限られた時間の中で成果を出すために、パーツ別のトレーニングを紹介してきたこの連載がパワーアップしてリニューアル! これまで鍛えたパーツを実戦でも使えるものにしていくための、動作を想定した部位別のトレーニング方法を紹介していきます。教えてくれるのは、八王子スポーツ整形外科の工藤トレーナーです。カラダを上手に動かせるようになりましょう。
今回は肩甲骨にアプローチ
肩甲骨は腕と体幹をつなぐ骨で、周りには上半身を動かす筋肉が多く集まっている。この肩甲骨と連動させて肋骨や胸椎といった、胸郭を自由自在に動かせるようになることで全身の連動性が高まるのが特徴だ。肩甲骨から腕を動かす意識が持てると、肩の可動域が広がりケガ予防にもつながる。
ボールを投げたり打ったりするだけではなく、柔道で相手を引きつける動作やオールを引く動作、そして水泳で腕を回す運動などで良く使われるのが肩甲骨だ。
1.ショルダーサークル[5往復]
やり方
うつ伏せで手を頭の後ろで組んだら、肩甲骨を寄せるようにして肘をできる限り持ち上げる。次に肘を伸ばしてバンザイをしたら、肩甲骨は寄せたままで腕を肩の真横に持っていき、腕(上腕骨)を内旋させて手の平を上に向ける。そのままの状態で腕をお尻の方に動かしつつ肘を曲げていき、最後は後ろ手で手を組むような形を作る。ここまできたら、今度は逆の動きでゆっくりと元に戻す。
ポイント
肩甲骨の最大可動域で腕を動かすことがポイント。肩甲骨を最大限寄せた状態で、できるだけゆっくりと肩甲骨周りの筋肉を使っていることを感じ取りながら行うのがコツ。
NG
肩をすくめるような形になって、肩甲骨が上がってしまう(挙上してしまう)ことのないように気をつけて。肩の高さは最初から最後まで変えないことが大事。

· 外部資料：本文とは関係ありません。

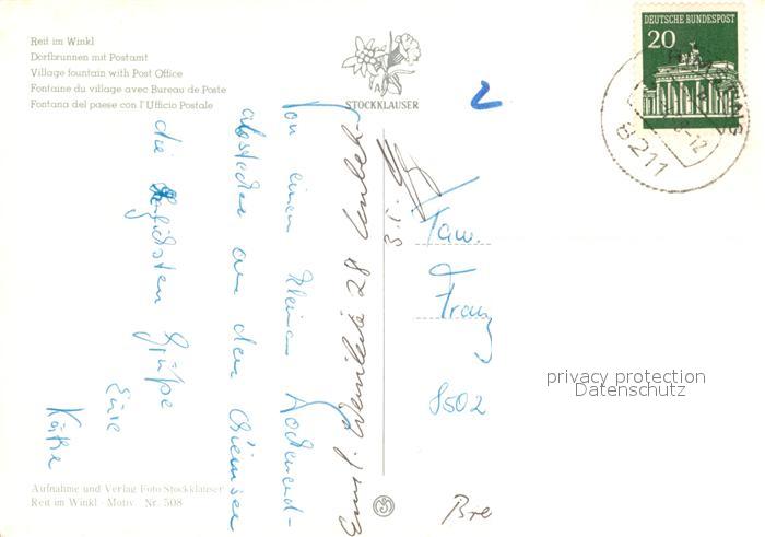73101565 alte Postkarte Reit Winkl Dorfbrunnen mit Postamt postalisch gelaufen Erhaltung siehe scans [WerneD78] KatCode: 11110009189139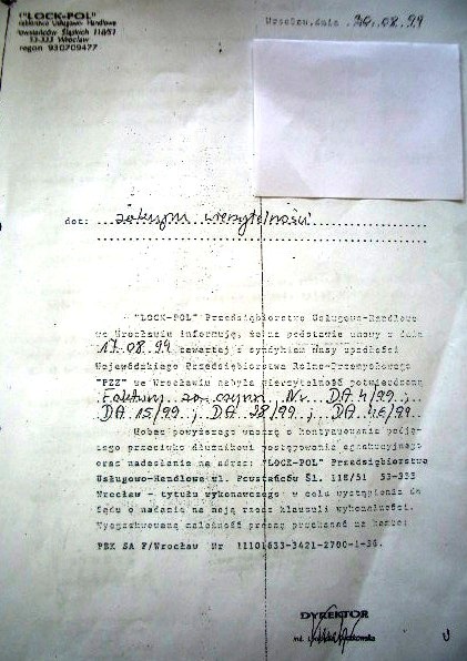Z umowy sprzedaży wierzytelności zawartej w dniu 99.08.17 pomiędzy Syndykiem masy upadłości Wojewódzkiego Przedsiębiorstwa Rolno – Przemysłowego „PZZ” we Wrocławiu , inż. Józef Kuczkowski wynika, że ‘zestaw’ wierzytelności na ogólną kwotę ok. 89,315 złotych nabyła Leokadia Kuczkowska, właściciel Przedsiębiorstwo Usługowo – Handlowe „LOCK – POL” za 0,6 % wartości. Prywatnie pani L. Kuczkowska jest żoną pana syndyka.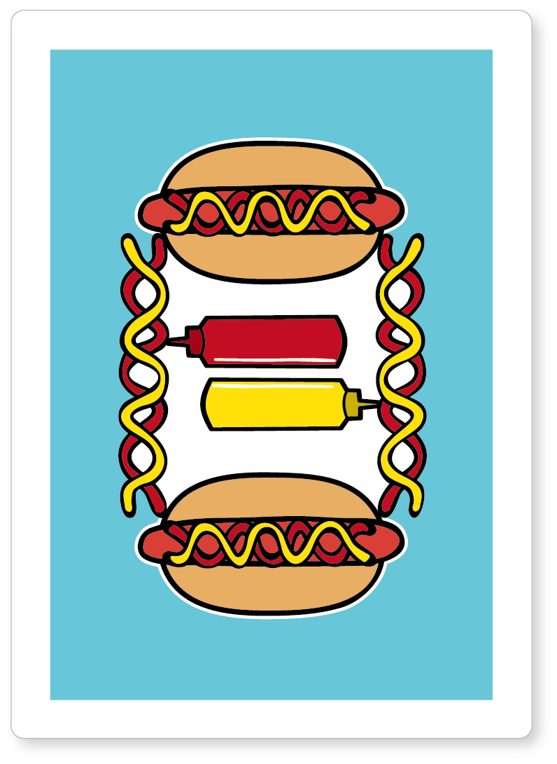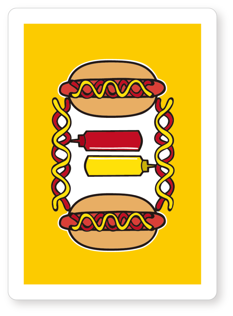 The hot dog deck のデザインは、一般的なトランプやマジシャンズトランプの幾何学的なデザインと異なり、ポップでシュールなテイストが持ち味です。特に絵札(J・Q・K)のデザインは他に類を見ないオリジナリティと可愛らしさが溢れたテイストに仕上がっており、ご家族やご友人、職場や学校でのトランプゲームに華を添えることは間違いありません。100%、何かしらのツッコミが入ると思われます。盛り上がりのきっかけにもなり得ますし、愉快なデザインのトランプはゲームの楽しさを増幅させるでしょう!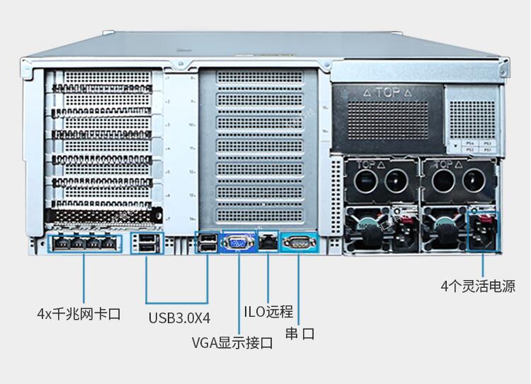 惠普DL580 Gen10 4U機架式服務器主機 配置: 4顆至強金牌5120 56核2.2G CPU四電源 64G內存 4塊2.4T 10K SAS硬盤 |
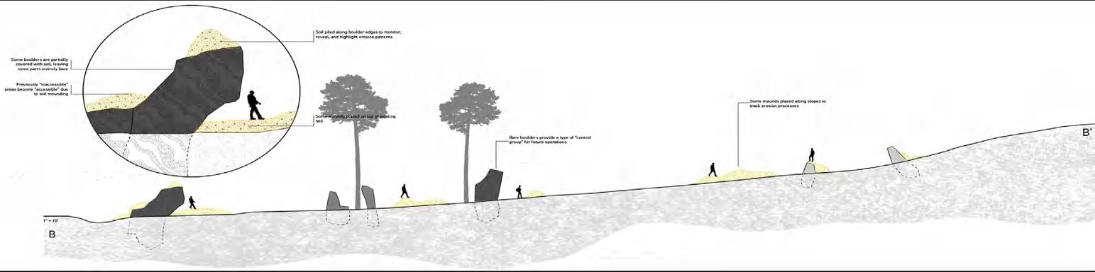 The defining theme of this project centers around the creation of microclimates and the subsequent differentiation of plant species that results from microclimate conditions. The installation of sandstone boulders across the site (Operation 1) simultaneously creates opportunities for human experience (compression/ relief, ledges, overhangs, etc) and the foundation for microclimate instances. Areas of soil deposition in Operation 2 reveal additional nuances in light, topography, and existing soil types. Operation 3 initially follows the compression and relief system of Operation 1 but over time reveals the niches created by both Operations 1 and 2 as the grass seed mix spread and differentiate in unexpected ways across the site. theoretical study: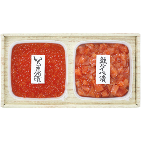 佐藤水産人気の「鮭ルイベ漬」と特製「いくら醤油漬」の、北海道天然鮭の親子セットです。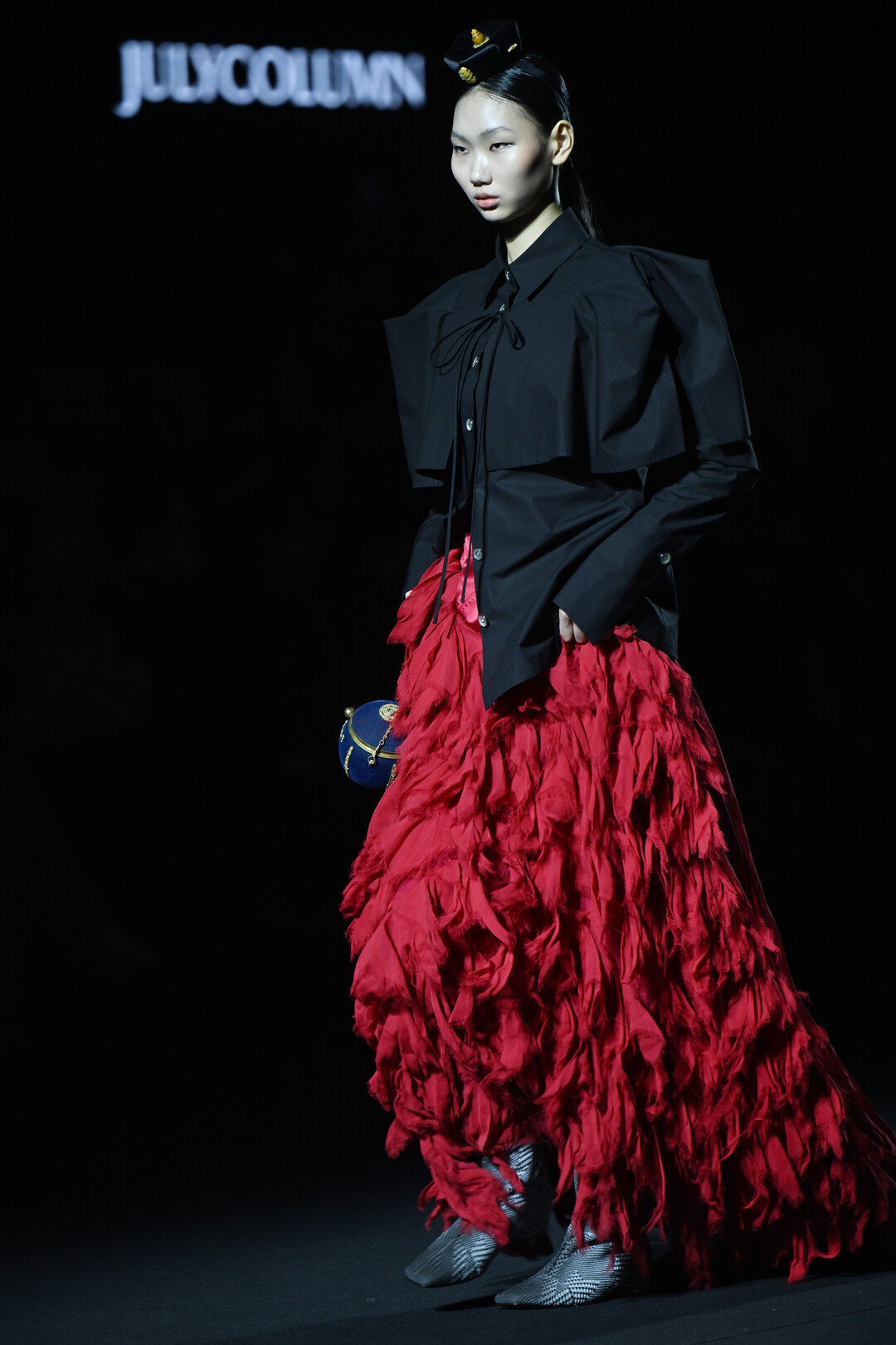 블랙 케이프와 레드 프린지 스커트의 조합은 컬렉션의 클라이맥스를 장식했다. 케이프의 구조적 실루엣은 전통 두루마기의 위엄을, 레드 프린지 스커트는 전통 무용 의상의 역동성을 담았다. 특히 프린지 디테일은 움직임에 따라 흔들리며 빛의 흔적을 시각적으로 구현했다.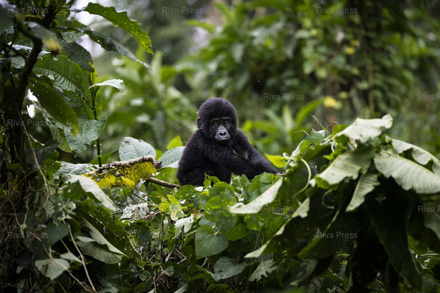 Légende : Un jeune gorille de montagne du groupe Bweza dans le parc national Bwindi Impenetrable Forrest a l'Ouest de l'Ouganda. Le 31/10/2024 /// A young mountain gorilla from the Bweza group in Bwindi Impenetrable Forest National Park in western Uganda. On October 31, 2024 /// PHOTO Vincent Boisot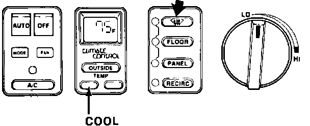 NOTE: It will be necessary to operate vehicle engine during this procedure to provide a source of vacuum required by some A/C control systems and to prevent battery drain.
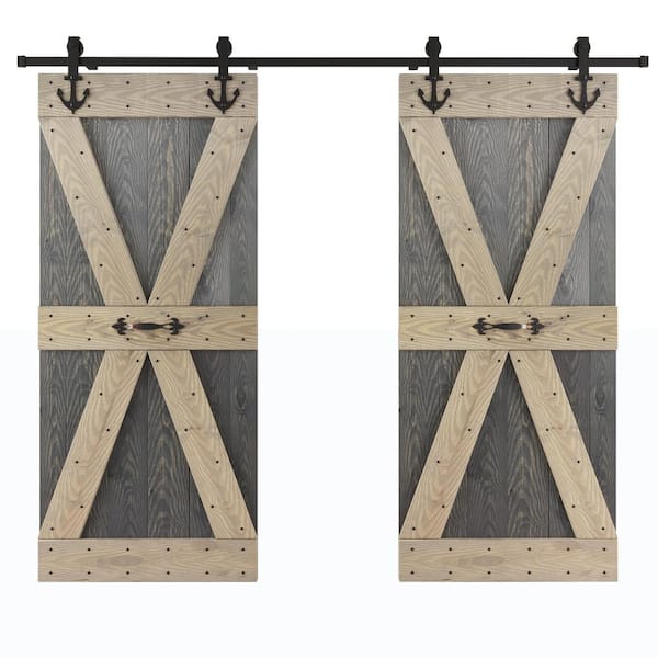 72 in. x 84 in. X-Series Embossing Dark Gray/Light Gray DIY Knotty Wood Double Sliding Door With Hardware Kit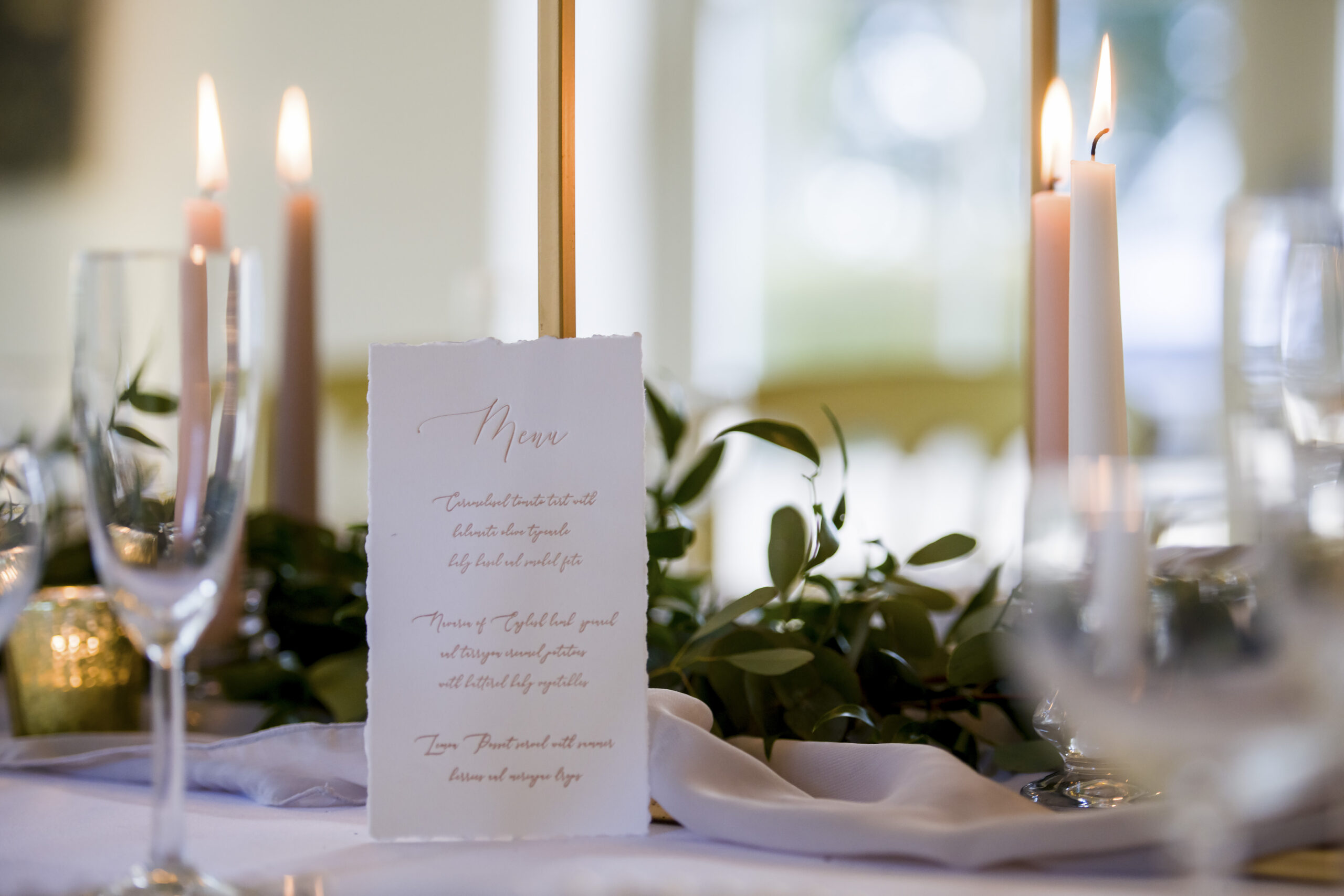-Menu cards – if your guests are all eating from the same menu consider having two or three menu cards on each table as opposed to a menu card per person.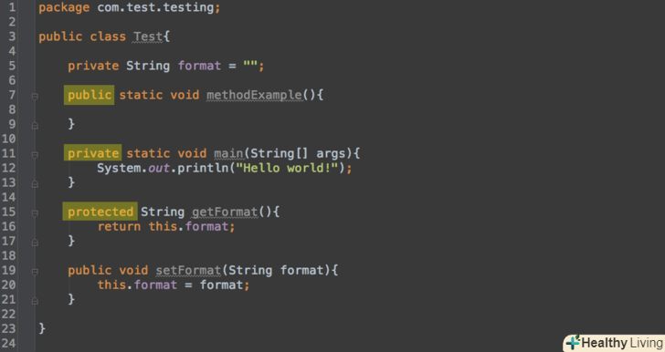 Словоpublicперед назвою методу означає, що метод можна викликати звідки завгодно, включаючи інші класи і навіть файли / пакети, якщо ви імпортуєте відповідний клас.замінитиpublicможна наступними варіантами:protectedіprivate. Якщо методprotected, то тільки цей клас і підкласи (класи, створені на основі класу) можуть викликати даний метод. Якщо методprivate, то він може бути викликаний тільки всередині класу. Останнє ключове слово, в общем-то, навіть не слово. Воно використовується, коли замістьpublic,protectedабоprivateу вас нічого. Це виклик за замовчуванням, що означає, що лише класи в тому ж пакеті можуть звивати цей метод.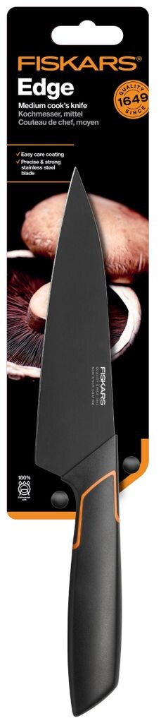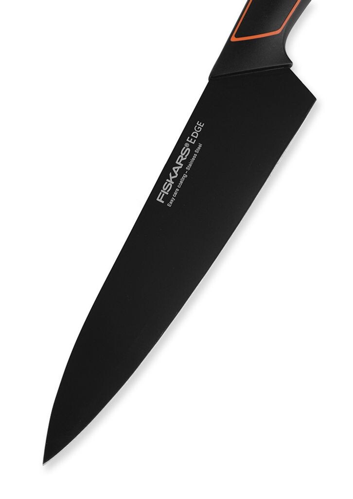 Edge Привлекательный черный вид и простота в уходеFiskars Edge имеет элегантный современный дизайн и инновационные функции. Особая поверхность не только придает ножам привлекательный черный вид, но и облегчает уход за ними. Универсальный помощник для нарезки мяса, овощей и зелени. Большой нож с высоким и толстым лезвием. Длина лезвия 19 см. Японская нержавеющая сталь (твердость: HRC 53). Можно мыть в посудомоечной машине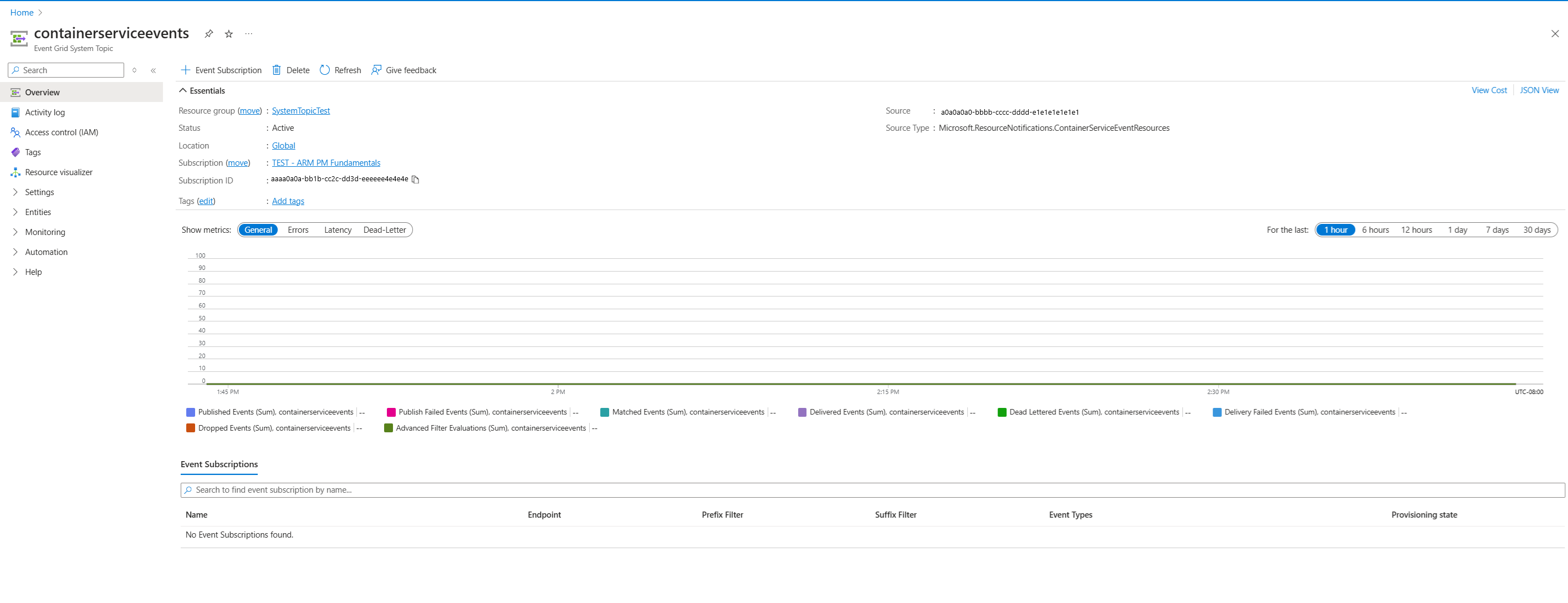 microsoft.resourcenotifications.containerserviceeventresourcesusing theaz eventgrid system-topic createcommand.az eventgrid system-topic create --name SYSTEMTOPICNAME --resource-group RESOURCEGROUPNAME --source /subscriptions/AZURESUBSCRIPTIONID --topic-type microsoft.resourcenotifications.containerserviceeventresources --location Global

2.フォーポイント・プッシュ&プル [左右それぞれ10回ずつ]
やり方
四つんばいからお尻をかかとの上に乗せ、片方の手は床についたまま、もう片方の手を頭の後ろにした状態のスタートポジションから、肩甲骨を開くようにして肘をお腹の方に持っていく。ここからついているほうの手で床を押して肋骨を絞めつつ、ゆっくりと肩甲骨を寄せながらもう片方の肘を開く。
NG
丸める時に極端に首まで曲がってしまうのはNG。腰は曲がっても良いが、胸椎から頭の先までは自然なアーチを保ったままで行おう。
ポイント
単純に肩甲骨を開いて閉じるのではなく、反対側の手で床を押しながら肋骨を締めることで自然と身体が回旋するのを感じ取ることも大切なポイント。横の回旋だけではなく、少し捻れ運動が入ることを意識しておくと良い。
プラスアルファ
肋骨を締める感覚と肩甲骨の動きが連動できたならば、ツーポイントで支え、動かす腕の対角線上の脚も曲げ伸ばしすると可動域改善だけでなく全身の連動性向上に効果的だ。
八王子スポーツ整形外科メディカルフィットネスセンター所属。日本スポーツ協会アスレティックトレーナー。スポーツ傷害やコンディショニングを中心に、幅広い年齢層へパーソナルトレーニングを行う。そのかたわら、大学ラグビー部や高校野球部にトレーナーとして携わっている。
※2023年7月15日発行「アスリート・ビジョン#30」掲載/この記事は取材時点での情報です。